Hippokratia 2014, 18, 1: 24-27
Kachrimanidou M1,2, Tsorlini E2, Katsifa E2, Vlachou S2, Kyriakidou S2, Xanthopoulou K1, Tsergouli K1, Samourli T2, Papa A1
11st Department of Microbiology, Medical School, Aristotle University of Thessaloniki, 2Department of Microbiology, of George Papanikolaou Hospital
Background/aim: Methicillin-resistant Staphylococcus aureus (MRSA) is a major cause of health- and community-associated infections; its prevalence in Greece is among the highest in Europe.

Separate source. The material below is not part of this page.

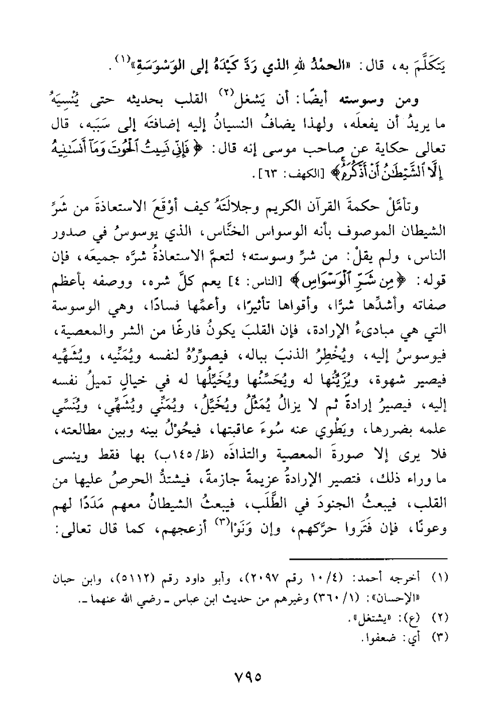 وتأمل حكمة القرآن الكريم وجلالته كيف أوقع الإستعاذة من شر الشيطان الموصوف بأنه الوسواس الخناس الذي يوسوس في صدور الناس ولم يقل من شر وسوسته لتعم الإستعاذة شره جميعه فإن قوله من شر الوسواس الناس 4 يعم كل شره ووصفه بأعظم صفاته وأشدها شرا وأقواها تأثيرا وأعمها فسادا وهي الوسوسة التي هي مباديء الإرادة فإن القلب يكون فارغا من الشر والمعصية فيوسوس إليه ويخطر الذنب بباله فيصوره لنفسه ويمنيه ويشهيه فيصير شهوة ويزينها له ويحسنها ويخيلها له في خيال تميل نفسه إليه فيصير إرادة ثم لا يزال يمثل ويخيل ويمني ويشهي وينسى علمه بضررها ويطوي عنه سوء عاقبتها فيحول بينه وبين مطالعته فلا يرى إلا صورة المعصية والتذاذه بها فقط وينسى ما وراء ذلك فتصبر الإرادة عزيمة جازمة فيشتد الحرص عليها من القلب فيبعث الجنود في الطلب فيبعث الشيطان معهم مدادا لهم وعونا فإن فتروا حركهم وإن ونوا أزعجهم كما قال تعالى@

We investigated the prevalence and molecular epidemiology of MRSA in a tertiary Greek hospital.
Material and Methods: Spa typing and random polymorphic DNA analysis were used to investigate the molecular epidemiology of 28 MRSA isolates during May 2010 to May 2011 in a tertiary hospital in Northern Greece.
Results: Nine spa types were detected; t003 was the predominant (32.1%) one, detected in various wards and throughout the study period, while t037 was recovered only from intensive care unit patients, and only in April 2011, suggestive of an epidemic. Additional rare types were detected for the first time in Greece.
Conclusions: Spa typing and random polymorphic DNA analysis gave an insight into the epidemiology of MRSA in a Northern Greece hospital. Concerning the distribution in the hospital, the predominant spa type t003 was present in various wards, and was constantly detected throughout the study period, very suggestive of an epidemic, while other types were detected only in specific wards. Our data underline the need for surveillance, typing and constant reassessment of existing strategies to control MRSA.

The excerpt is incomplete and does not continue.